If you don’t know anything about the Stonewall riots, they were a pivotal moment in the fight for gay rights, not only in the United States but across the world. On June 28, 1969, a police raid on the Stonewall Inn, a gay bar (owned, interestingly enough, by the Mafia) in the East Village of New York didn’t exactly go as planned, with the clientele – many of whom were homeless gay people who had adopted the Stonewall Inn as a shelter – deciding, a la Peter Finch in Network, that they were mad as hell and weren’t going to take it anymore.
The resulting push back against the police, which lasted for a couple of days, was the inspiration for the organisation of gay rights movements in many major cities across the States at a time when gays virtually had no rights. It’s this idea that appealed to Emmerich.
“It’s one of these civil rights moments, like Rosa Parks,” he told Empire. “And very little is known about it. Even gay people don’t know much about it. There are only two books written about it.”
Emmerich has a writer – playwright John Robin Bates – currently working on a script (“I’m going to New York after this to stand next to the writer, who owes me twenty more pages! But he’s a great writer.") that will follow a homeless gay teen who gravitates towards the Stonewall Inn and gets caught up in the riots.
“I’ve got more and more involved in the Gay & Lesbian Centre in Los Angeles,” says Emmerich, “and I learned that 40% of homeless kids are gay. So things haven’t changed very much. But I put this together and said, I should make a movie about that, so it starts with a kid who gets thrown out of his home and ends up on the streets of the village, and becomes friends with all these kids. In a weird way, it shows that it’s still something that happens today.

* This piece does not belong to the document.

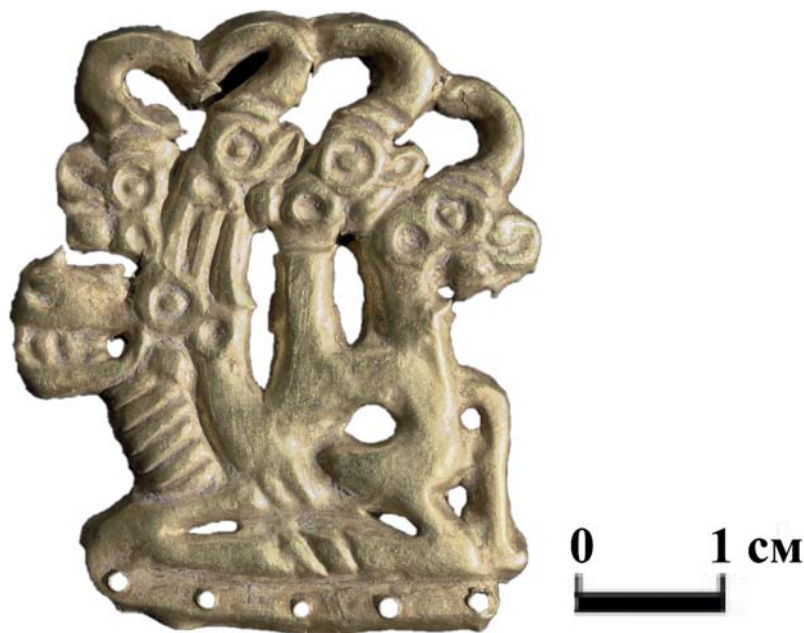
Рис. 3. Золотая пластина с изображением синкретического существа из кургана № 2 могильника Карбан-2.

“I read a lot about it and was so surprised,” says Emmerich of the process of discovery he's undertaken on the currently untitled movie. “It was the first time that gay people had shown the police that they should take them serious. And when the riot police came – this has always been fascinating for me – these kids formed a chorus line and sang ‘We are the village girls, we wear our hair in curls!’ It was such a cool thing.”